ABOUT THIS TASK >> Only the stretch below from the line holding "love so true. |" through the line holding "具有文本添加注释功能 ,可以根据检测情况随时对内窥图片、视频进行注 释" should be restated, word for word and with both ends included; pictures stay out.

ENTRIES SHOWN >>
◆ ◆ ◆ ◆
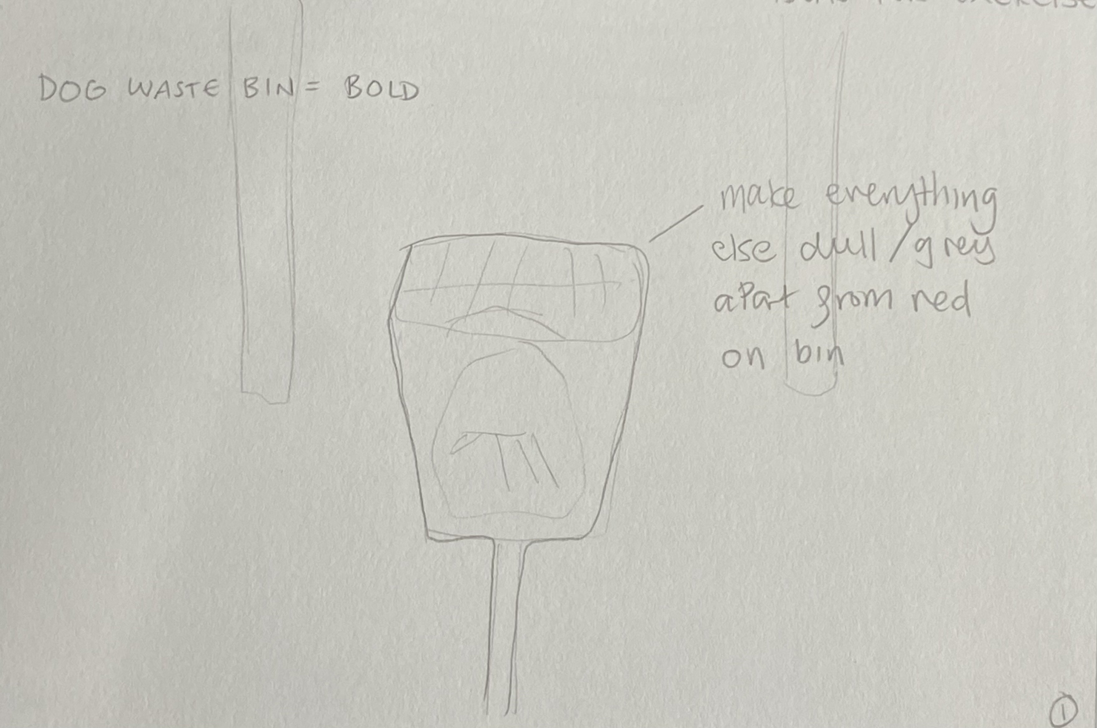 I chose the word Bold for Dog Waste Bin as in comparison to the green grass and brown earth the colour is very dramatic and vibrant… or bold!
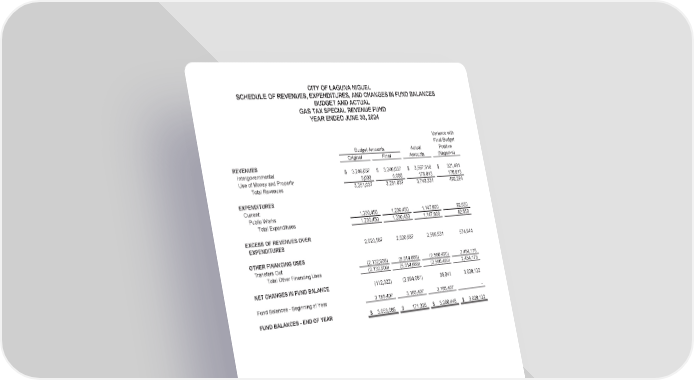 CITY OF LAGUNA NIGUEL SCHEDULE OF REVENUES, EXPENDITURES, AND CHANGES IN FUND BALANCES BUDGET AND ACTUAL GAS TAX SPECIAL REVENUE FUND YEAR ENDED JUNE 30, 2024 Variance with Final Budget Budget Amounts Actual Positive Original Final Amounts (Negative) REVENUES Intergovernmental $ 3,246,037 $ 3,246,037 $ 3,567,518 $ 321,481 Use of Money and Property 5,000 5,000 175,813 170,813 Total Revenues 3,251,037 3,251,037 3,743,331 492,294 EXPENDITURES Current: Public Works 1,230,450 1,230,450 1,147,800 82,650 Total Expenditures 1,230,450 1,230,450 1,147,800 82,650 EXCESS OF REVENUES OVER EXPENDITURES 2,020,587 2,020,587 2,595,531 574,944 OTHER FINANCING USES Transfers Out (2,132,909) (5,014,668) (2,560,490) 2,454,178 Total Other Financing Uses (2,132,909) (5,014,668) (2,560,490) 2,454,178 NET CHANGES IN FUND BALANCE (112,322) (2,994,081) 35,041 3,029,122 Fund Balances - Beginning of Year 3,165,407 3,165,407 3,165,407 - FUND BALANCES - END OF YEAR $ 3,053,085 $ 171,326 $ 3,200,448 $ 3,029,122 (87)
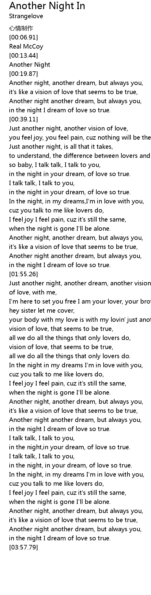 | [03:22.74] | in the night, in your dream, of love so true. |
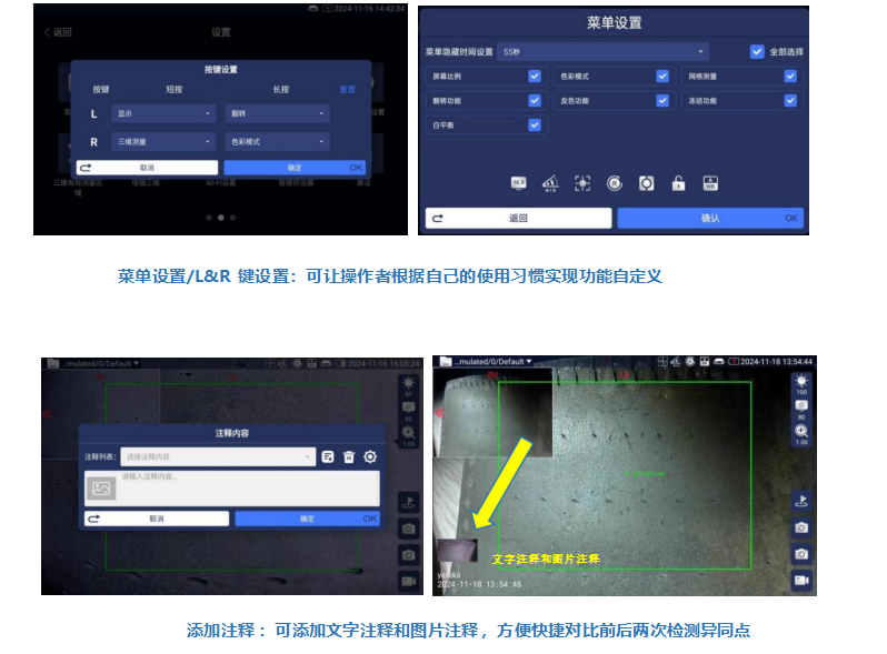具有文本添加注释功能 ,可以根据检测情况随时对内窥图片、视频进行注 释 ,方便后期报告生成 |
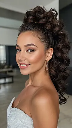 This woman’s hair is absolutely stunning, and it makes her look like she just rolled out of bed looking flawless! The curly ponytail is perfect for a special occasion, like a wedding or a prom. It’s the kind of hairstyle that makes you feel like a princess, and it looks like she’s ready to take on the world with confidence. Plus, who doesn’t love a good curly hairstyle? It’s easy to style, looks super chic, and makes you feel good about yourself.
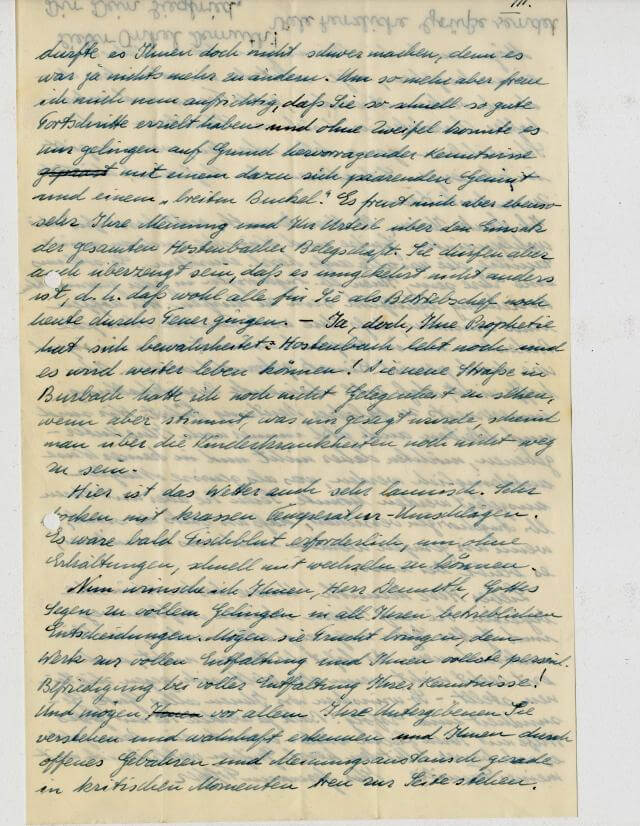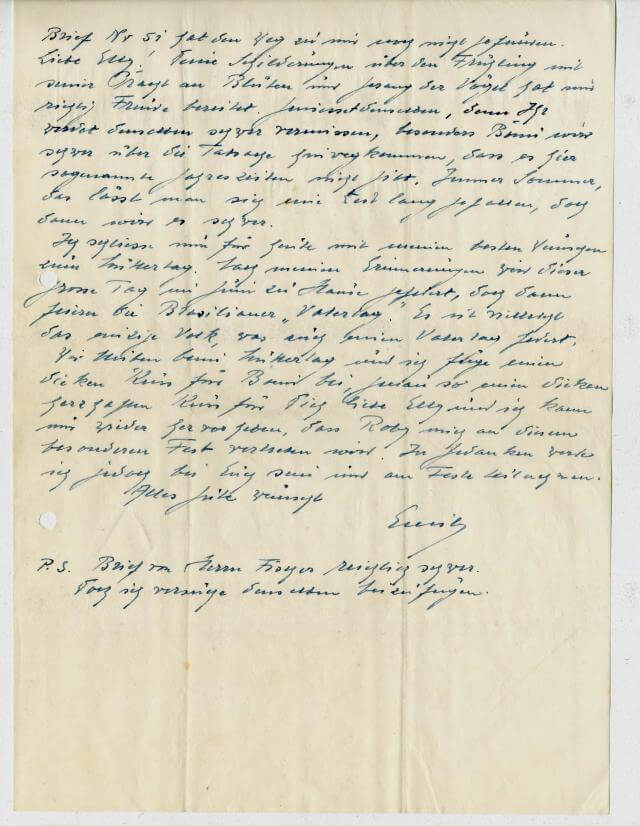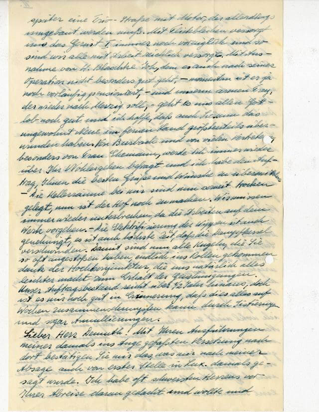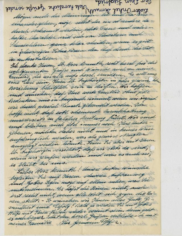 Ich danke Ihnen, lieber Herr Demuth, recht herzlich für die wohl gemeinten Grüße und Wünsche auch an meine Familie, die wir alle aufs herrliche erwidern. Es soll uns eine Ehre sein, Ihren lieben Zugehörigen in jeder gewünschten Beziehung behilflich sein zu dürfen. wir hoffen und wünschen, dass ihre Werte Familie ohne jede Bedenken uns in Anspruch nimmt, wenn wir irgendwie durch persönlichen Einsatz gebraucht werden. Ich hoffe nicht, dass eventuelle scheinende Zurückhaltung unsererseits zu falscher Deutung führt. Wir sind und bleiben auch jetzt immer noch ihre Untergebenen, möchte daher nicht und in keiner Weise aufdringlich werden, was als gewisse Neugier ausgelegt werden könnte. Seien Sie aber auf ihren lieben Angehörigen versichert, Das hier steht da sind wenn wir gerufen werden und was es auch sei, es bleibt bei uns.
◆ ◆ ◆ ◆
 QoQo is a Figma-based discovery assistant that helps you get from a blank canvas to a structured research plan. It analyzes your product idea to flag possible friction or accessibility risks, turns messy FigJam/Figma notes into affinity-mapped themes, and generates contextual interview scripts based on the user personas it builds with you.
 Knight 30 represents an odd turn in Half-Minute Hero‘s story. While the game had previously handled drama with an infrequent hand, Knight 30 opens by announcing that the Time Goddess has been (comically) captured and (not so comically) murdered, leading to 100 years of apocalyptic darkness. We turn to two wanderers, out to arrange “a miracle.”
◆ ◆ ◆ ◆
WRITTEN SOLUTION >>
 | [03:22.74] | in the night, in your dream, of love so true. |
具有文本添加注释功能 ,可以根据检测情况随时对内窥图片、视频进行注 释 ,方便后期报告生成 |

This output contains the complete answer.